For nursing home operators, presenting a modern facility to potential residents is a critical marketing component, especially as a growing number of skilled nursing centers compete for profitable short-term residents in need of physical therapy.
“If you're taking your mom around to different nursing homes for post-surgical care, the quality of care matters a great deal, but so does the physical appearance,” says Michael Monticello, senior vice president of commercial banking for Chicago-based LaSalle Bank. “That type of resident can often make a decision between five different nursing homes in their community.”
As a result, many nursing home operators and owners have renovated their buildings to include rehabilitation centers, private rooms, private baths and other amenities over the last several years. Many are still pursuing renovations to add beds or expand therapy centers.
During the second quarter of this year, Toledo, Ohio-based Manor Care spent some $40 million to expand 36 skilled nursing centers — most of which focused on physical rehab space additions — and to build five new skilled nursing homes. In the first quarter, Toledo-based Health Care REIT acquired seven skilled nursing properties totaling 766 beds in Ohio and is conducting a major rehab of all the assets. The total capital committed for the purchase and renovations: $63 million.
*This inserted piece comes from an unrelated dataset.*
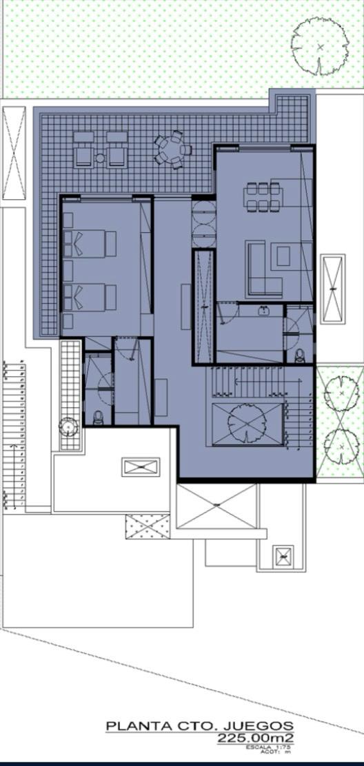 La planta destinada al cuarto de juegos brinda un espacio ideal para el entretenimiento y la convivencia, con recibidor, cuarto de juegos con baño completo y vestidor, una recámara adicional con baño completo y vestidor, y una terraza que complementa este nivel. En el sótano se desarrolla el área de servicio de manera totalmente independiente, integrada por dos cuartos de servicio con baño completo, estancia de servicio, área de planchado y lavandería, asegurando una operación eficiente y discreta de la residencia.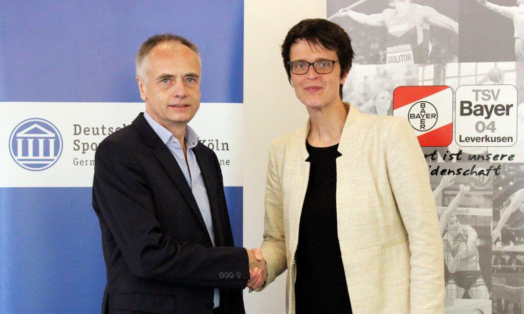 (v.l.n.r.): Univ.-Prof. Dr. Heiko Strüder, Rektor der Deutschen Sporthochschule Köln, und Anne Wingchen, Geschäftsführerin TSV Bayer 04 Leverkusen e.V.

Some skilled nursing facilities are simply obsolete, however, and cannot be rehabbed cost-effectively. But a wholesale replacement of such buildings is hardly on the horizon: Many states require nursing homes to acquire a “certificate of need” before any new beds can be added to the existing stock, restricting new development. And some states have placed a moratorium on the issuance of certificates of need.
“The aging stock is a huge and very important issue,” says Arnold Whitman, CEO of Formation Capital. “The overall population is dated and is in need of repair or razing, one or the other.”